So down I headed and midway, damned if one of the stairs didn't let loose and I crashed through, cartoon style, one leg straight down until my crotch found the next stair. As it was inconvenient to fall further, I pitched into the stone wall at my side.
I wasn't really hurt (as measured by bones sticking through flesh and clothing), but lost some skin here and there and was deeply banged. As the shock wore off and I was still astraddle the broken stairs, friends, a wave of sadness washed over me that I can barely describe, and won't really try. Sad deep sadness. Big nauseating waves of mama.
Have I mentioned in any recent posts that I'm reading Sarah Vowell's The Wordy Shipmates? I don't think I have. Great book. (Heffernan at the Times hates it. Or hates SV. Or both. She has her knickers in a twist about it. She doesn't think I should be learning from a comedic smart-ass, she thinks I should be learning from a serious academic.
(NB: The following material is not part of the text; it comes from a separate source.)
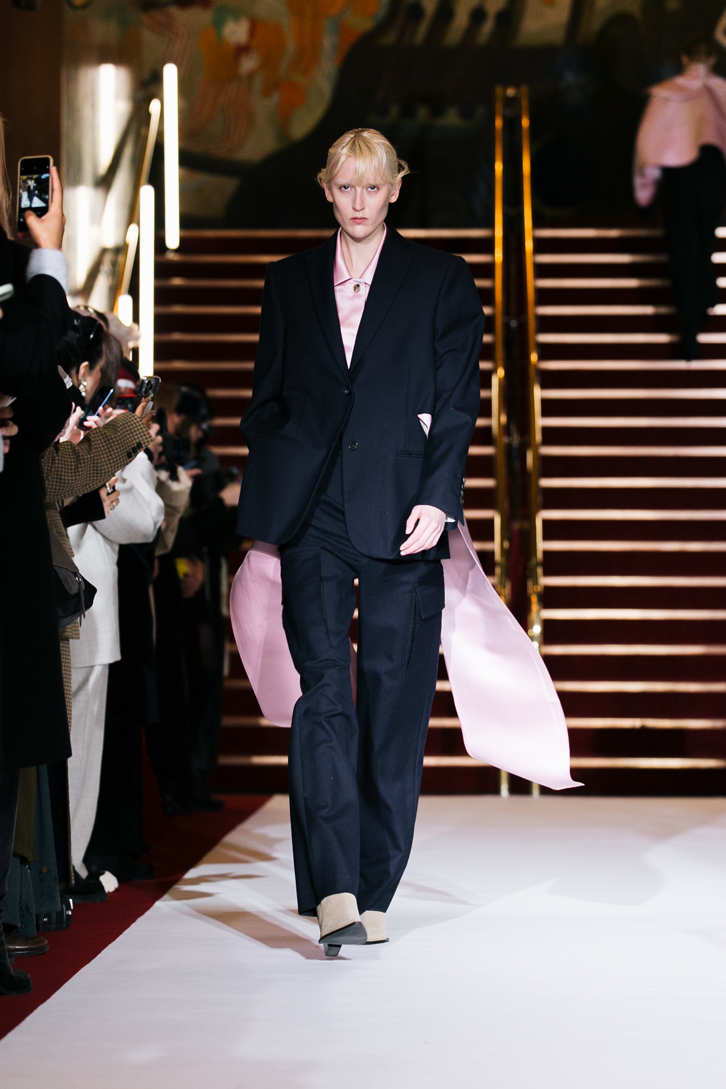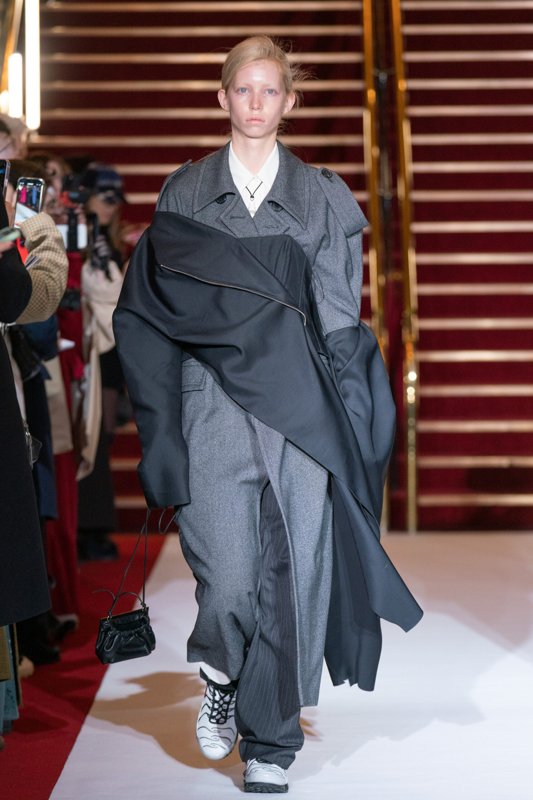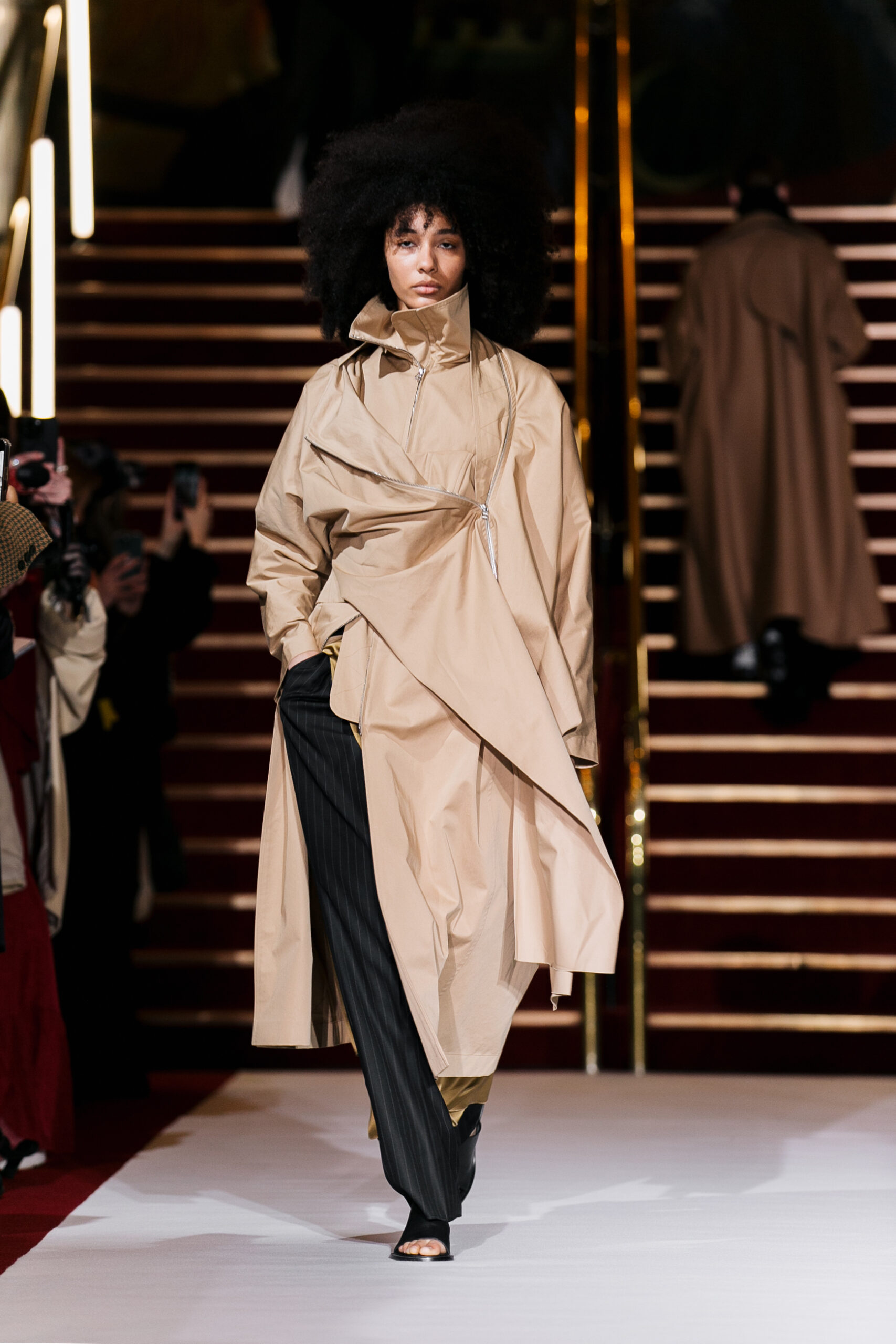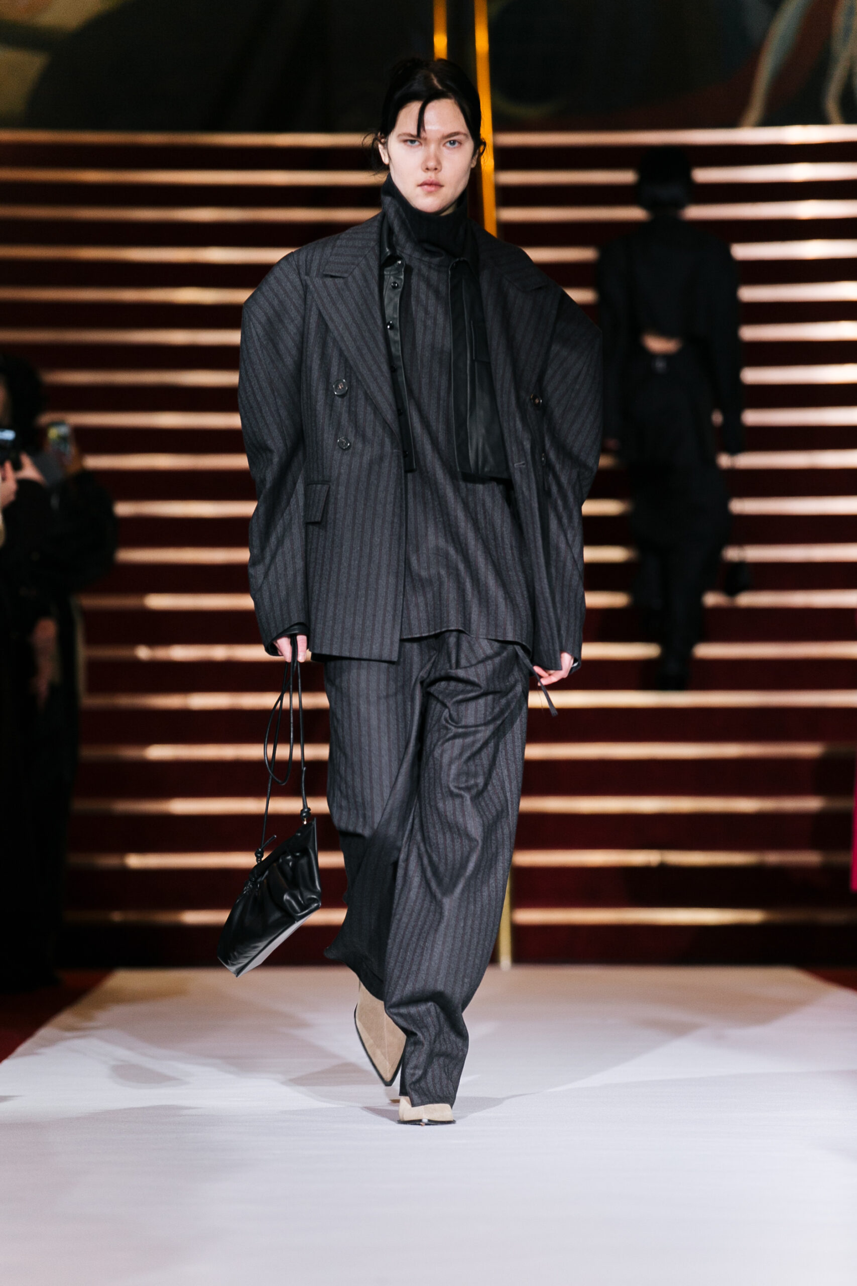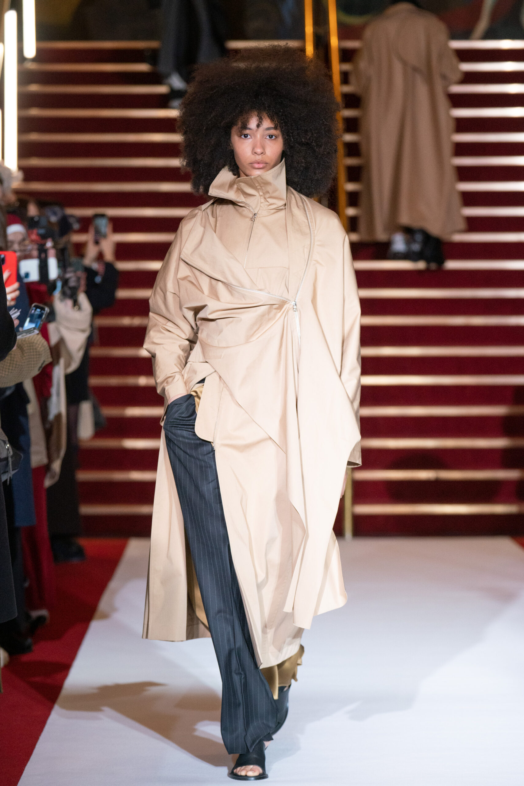 La collection a été présentée dans l’un des cinémas les plus célèbres du monde, où les caméras, les téléphones et les miroirs sont omniprésents, poussant souvent les gens à porter un masque lorsqu’ils se présentent devant le monde (des réseaux sociaux). Cependant, les Ukrainiens, qui font face à une guerre à grande échelle depuis un an, ne peuvent plus se permettre de porter ces masques. Au lieu de cela, ils se présentent tels quels, dans leur état brut. La designer Lilia Litkovska voit et honore la beauté des valeurs intérieures et de la force, de la vie quotidienne contre vents et marées. Elle établit un chic brut et touchant, presque un chic industriel, célébrant la personne pour ce qu’elle est vraiment lorsqu’elle porte et ressent les vêtements, et s’exprime dans sa forme la plus vraie.

But, Heff, I already didn't do that.) Opened my eyes to the Massachusetts Bay plantation founders. I'm about three quarters of the way through. At a few junctures in the book there are events which those men and women 350 years ago clearly took to be their lord giving them big hints about what to do or not do: they are aghast when their brethren don't take the hints.
Sooo, anyways, there I am, weepy on the broken stairs, John Winthrop and Roger Williams looking on from Calvinist heaven. OK. I hear you, dudes. I'm pretty sure the message isn't just to fix the stairs. I'm working on it.
(By the by, this isn't the first time I've gone through that staircase.)